Both original SHERLOCK and DETECTR protocols have been registered as trademarks by The Broad Institute, Inc., Cambridge, USA (USA registration number 6295441, Mar. 16, 2021) and Mammoth Biosciences, Inc., Brisbane, California, USA (USA registration number 6473033, Aug. 31 2021), respectively, and patented; main patents include US12037639B2 (USA), JP2023011606A (Japan), ES2927463T3 (Spain), EP4119663B1 (European Union), WO2018107129A1 (WIPO), AU2017371324B2 (Australia) for SHERLOCK and US20210102242A1, US11174470B2 (USA), EP3830301B1 (European Union) for DETECTR. The development of novel modifications of basic SHERLOCK/DETECTR assays continues to expand them for newer applications, improve their features, and avoid limitations. The protocol HOLMES (an one-HOur Low-cost Multipurpose highly Efficient System) was developed to allow quantitative detection of the target molecules [53,54]. As proof of concept, the use of Cas14 protein instead of Cas12a was proposed for nucleic acid detection with potentially higher fidelity [28].
Due to their versatility, accessibility, and customization potential, SHERLOCK and DETECTR-like methodologies became a standard for CRISRP/Cas-based detection of nucleic acid. A high speed of analysis and potential portability are usually considered the most important advantages of these tools, and the new protocols are developed to further improve these qualities.
Whereas the requirements for the basic procedure of CRISPR/Cas detection are limited by a thermostat and single tube reaction mixture, the methods proposed for the nucleic acid cleavage signal detection vary in their affordability (Figure 2). The most common approach described above utilizes fluorescent probes [48,53] and thus requires equipment for fluorescence detection, such as plate readers and real-time thermal cyclers; however, it was shown that the visual detection of fluorescence is also possible and provides qualitative test outcomes using only a UV light source [55]. An alternative approach is the colorimetric method utilizing gold or iron nanoparticles as reporters [56,57,58]. In case of visual detection, similar to isothermal amplification methods (LAMP, RPA), which are usually used in conjunction with CRISPR/Cas, the methodology can be deployed using a minimal set of portable equipment like mini-centrifuges and solid-body thermostats [59]. Lateral flow elements [60] and biosensors [61] have been proposed to further increase the availability of express detection directly in the field. To exclude a step of isolation of the nucleic acids, a combination of SHERLOCK with the HUDSON (Heating Unextracted Diagnostic Samples to Obliterate Nucleases) method was proposed for direct detection of viruses in biological samples [62]. On the other hand, the implementation of new complicated techniques for precise signal detection paves the way for higher sensitivity and fidelity of nucleic acid detection [63]. Use of microchamber-based array was shown to increase sensitivity by excluding the amplification step and thus reducing possible amplification errors [64]. Similarly, the possibility of direct quantitative detection of RNA using a digital droplet platform without amplification was shown [65]. Thus, the CRISPR/Cas detection systems can be deployed at various scales, from express detection at the points of care (fields and gardens, in case of crop disease) to more complicated laboratory environments with different levels of precision and sensibility, depending on the goals. Therefore, the methodology of CRISPR/Cas detection has significant potential as both a rapid, portable diagnostic tool and a reliable and efficient tool for well-equipped laboratories.

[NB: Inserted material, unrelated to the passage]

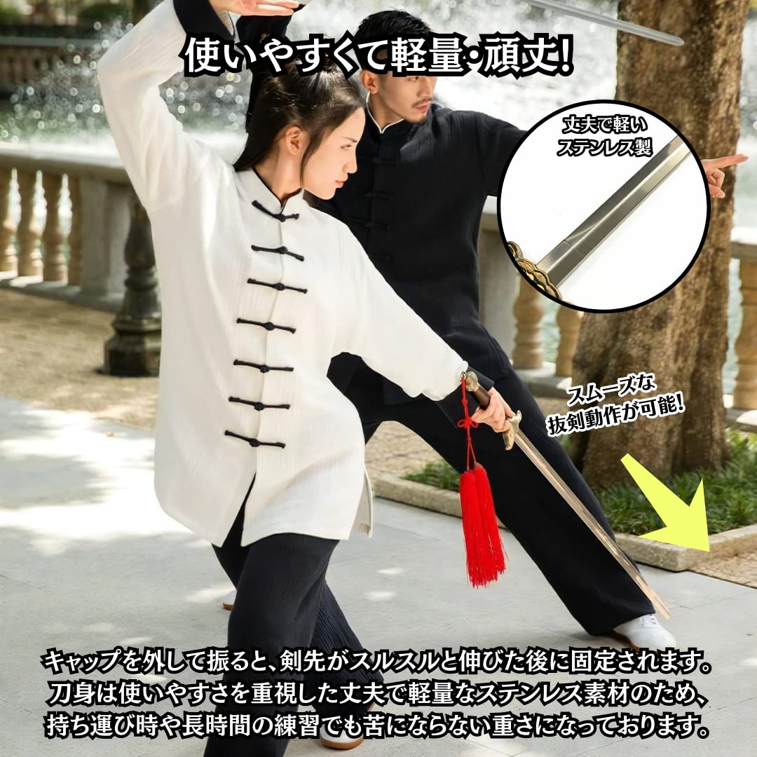 【使いやすくて軽量】キャップを外して振ると剣先がスルスルと伸びてくる仕様のため、スムーズでスタイリッシュな抜剣動作が可能です。材質は使いやすさを重視した丈夫で軽量なステンレス製のため、持ち運び時や長時間の練習でも苦にならない重さになっております。色鮮やかな剣穂も付属しておりますので、演武や舞台などでは動作やポーズがとても良く映えます!

CRISPR/Cas signal detection methods ordered by their sensitivity and cost.
Compared to the conventional methods based on PCR, the CRISPR/Cas has several advantages (Table 2). CRISPR/Cas demonstrated sensitivity similar to or greatly surpassing PCR; e.g., for Staphilococcus auresus, the CRISPR/Cas system was able to detect 1.2 CFU whereas PCR detected 60 CFU [66]. Both methods have high specificity as they rely on specific oligonucleotide matching; however, CRISPR/Cas is more sensitive to the mismatches than PCR primers and thus allows precise identification of particular sequences and their variants [66,67]: even single mismatches in the target have been shown to reduce cleavage efficiency [56]. This, as well as potentially low costs, demands for time and labor, and portability, as discussed above, makes CRISPR/Cas-based detection systems a tool of choice for many applications currently relying on PCR, including detection of pathogens of human [68], animals [69], and plants [70].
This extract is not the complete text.